Is it the good news or the bad news? This past week and for the third time, I was turned down as a participant in a clinical trial. Getting into one of these trials as a volunteer/participant is tougher than I thought it would be. This time, however, being turned down was the good news.
This particular study was to see if exercise could improve the cognitive function of those of us living with MS. You needed to have a minimal level of physical ability and some evidence of loss of cognitive function. The doctor gave me a physical exam and then the Clinical Director administered a test of 60 questions to measure thinking skills and memory processing speed. The good news is that I answered 59 of the 60 questions correctly. A high score.
The bad news was that because of my score, I was not an eligible candidate for the study. Geez……..I may never get into one of these clinical trials.
More than half of the people living with MS will experience some level of cognitive dysfunction. Another fact is that over time, the great majority of us will experience some physical disability. Given a choice (which I am not), I would choose to have the physical disability over the cognitive disability every time. Luckily for me, that is how the course of my MS seems to be going.

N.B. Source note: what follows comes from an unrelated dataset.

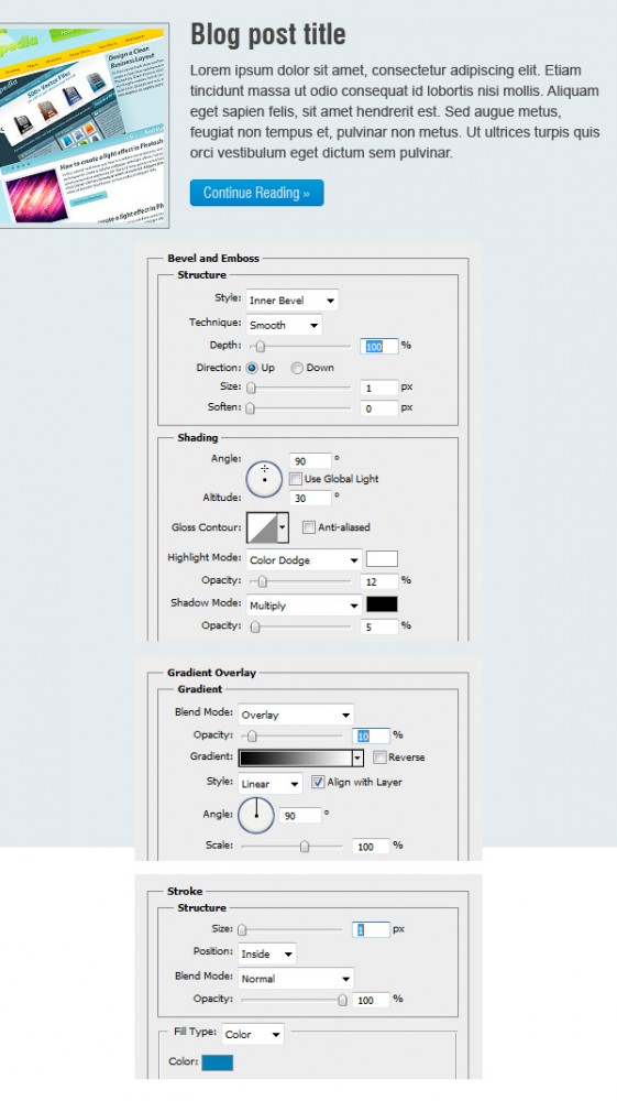 Теперь мы будем создавать кнопку для блога «читать далее». Выберите Rounded Rectangle Tool (U), установите радиус 4px и создайте прямоугольник с размерами 130px на 26px. Дважды щелкните на этом слое и используйте следующие настройки.

Acceptance seems to be one of the best ways to live with a chronic condition….really, to live life under any conditions. By acceptance I don’t mean complacency or resignation. I mean accepting what is true, what cannot be changed and making the most out of whatever abilities I do have.
According to the test, my cognitive function is great. Will it always be that way? I can only hope so and can take steps to maintain the status quo, both mentally and physically. But if it changes, I know exactly what will do. Make the most out of whatever abilities I do have.
Will I ever get into one of these studies? I can only hope not.
Participate. Make a difference. Live a life that matters.